Die Fed wies aber auch auf den vorübergehenden Charakter des Inflationsschubs hin, dessen Auswirkungen auf die Einkommen der Verbraucher ausgeglichen werden, wenn die mit den Wiedereröffnungen verbundenen Engpässe aufgelöst werden und die Erholung der während der Rezession verlorenen Arbeitsplätze voranschreitet.

In den USA sind im Vergleich zu der Zeit vor Corona noch immer etwa acht Millionen Arbeitnehmer ohne Job. Angesichts des Tempos der vergangenen Monate werden die Arbeitslosen erst im Herbst 2022 wieder in den Markt integriert werden können.

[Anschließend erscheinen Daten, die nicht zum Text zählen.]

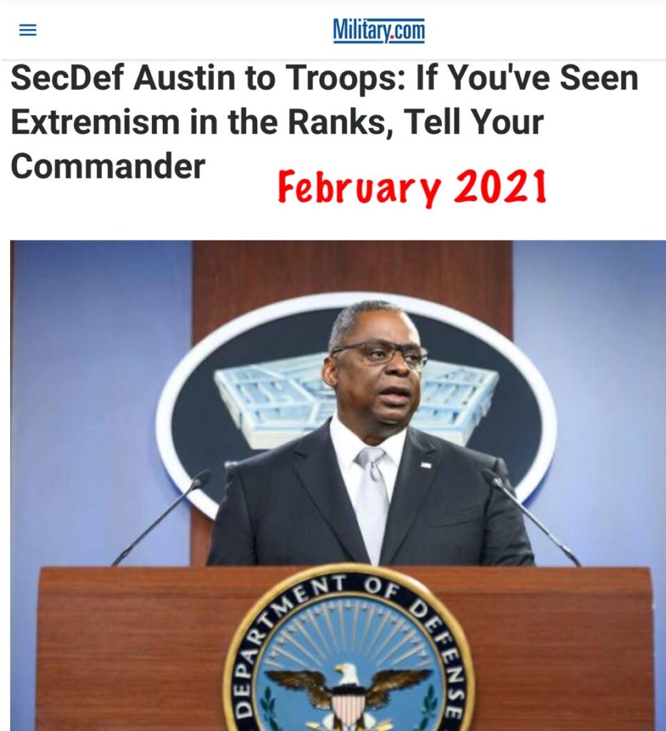 Anybody remember this story? RELEASE IMMEDIATE RELEASE DOD Stand-Down to Address Extremism in the Ranks Feb. 5, 2021 Today, Secretary of Defense Lloyd J. Austin III signed a memo directing commanding officers and supervisors at all levels to select a date within the next 60 days to conduct a one-day “stand-down” to discuss extremism in … Continue reading You Could See It Coming — CNN: Army ABANDONS anti-extremism effort

Das liegt in so weiter Ferne, dass eine immer noch extrem akkommodierende Haltung gerechtfertigt erscheint. Jedoch ist es verständlich, dass die Fed den Weg zur Reduzierung der Stimulierung frühzeitig planen möchte, um ein späteres Kommunikationsdesaster zu vermeiden. Aus diesem Grund hat die Fed auf der FOMC-Sitzung am 16. Juni den Zeitpunkt für die erste Zinserhöhung von 2024 auf 2023 vorverlegt.

Doch bevor sie die Zinsen anheben, haben die Zentralbanken andere Möglichkeiten zur Prüfung der Widerstandsfähigkeit der Volkswirtschaften. Dazu gehört die Reduzierung der Anleihenkäufe.

Die Fed wird ihre Absichten im Herbst bekannt geben und höchstwahrscheinlich die Eingriffe in der ersten Hälfte des Jahres 2022 reduzieren und in der zweiten Hälfte beenden. Gelingt das Experiment, ist die logische Folge eine Zinserhöhung in der ersten Hälfte des Jahres 2023.

Bei der EZB dürfte der Zeitplan um drei bis sechs Monate länger ausfallen. Das Anleihekaufprogramm läuft bis März 2022. Dann könnte es, vielleicht mit reduziertem Tempo, für mindestens weitere sechs Monate so weitergehen. Und dann wären wir auch schon im Herbst 2022. Es ist unwahrscheinlich, dass die EZB bei der Zinserhöhung der Fed zuvorkommen wird. Verläuft alles wie prognostiziert, könnte es gegen Mitte des Jahres 2023 so weit sein. Eine Voraussetzung ist indes, dass bis dahin die Pandemiebekämpfung und die Erholung der Wirtschaft gut verlaufen sind.